Reviewer Guidelines

ECML PKDD 2022 Reviewer Guidelines

Inspired by ICML, NIPS and tuned to ECML PKDD 2022 specifics.

The review process has two goals. First, to identify papers that represent an important contribution to the fields of machine learning and knowledge discovery in databases for both participants and readers. Second, to provide authors with constructive feedback that they can use to improve their work. Your role as a reviewer is critical to both of these goals.

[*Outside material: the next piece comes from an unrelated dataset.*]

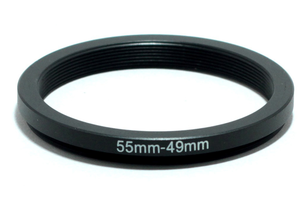 Supondo que o diâmetro do seu filtro seja 49mm e você tenha duas lentes: uma com diâmetro de 49mm e outra de 55mm. Como a primeira lente e o filtro tem o mesmo diâmetro, 49mm, eles se encaixam perfeitamente. Porém o filtro de 49mm não vai encaixar na lente de 55mm. Para conseguir encaixar, usamos então um anel redutor de 55mm para 49mm.

When reviewing a paper, always consider the impact that the work could have on the community in the long run — unconventional ideas, novel problems, and “cross-field” contributions are critical to the successful development of the field. So do not neglect the high-level picture in favor of technical correctness, which is also important. Keep in mind: Novel and/or interdisciplinary work (e.g., that is not incremental extensions of problems already studied, but perhaps formulates a new problem of interest) is often very easy to criticize because, for example, the assumptions it makes and the models it uses are not yet widely accepted by the community (because of their novelty). However, such work can be of great long-term importance to the progress of the field. So try to be aware of this bias and avoid dismissive criticism.

ECML PKDD has a two-level review structure: the program committee (PC) members, the area chairs, and the program chairs. PC members provide detailed reviews for a small set of papers. Area chairs are in charge of monitoring and managing the review process for a set of papers, making recommendations for paper acceptance, and recommending high-quality papers for awards. The program chairs, among other things, take the final decisions about the papers and form the conference program.

In this document, we go through the ECML PKDD 2022 reviewer form (Part 1) and discuss what is expected from a good review in each of its sections. In Part 2, we give some examples of good reviews.

Part 1. The ECML PKDD review form

1. To which track has the paper been submitted?

Indicate to which of the two ECML PKDD tracks was the paper submitted.

ECML PKDD has two main tracks: the Research Track and the Applied Data Science Track. In the Research Track, we welcome research articles from all areas of machine learning, knowledge discovery, and data mining. We are looking for high-quality contributions in terms of novelty, technical excellence, potential impact, reproducibility and clarity of presentation. Contributions should show that they contribute to the field (e.g., improve the state of the art or provide new theoretical insights). In the Applied Data Science track, we seek articles that demonstrate unique applications of machine learning, data mining, and knowledge discovery to real-world problems and bridge the gap between practice and current theory. Papers should explicitly describe the real-world problem they address (including the particular characteristics of the data, such as data set size, noise levels, sampling rates, etc.), the methodology used, and the conclusions drawn from the use case.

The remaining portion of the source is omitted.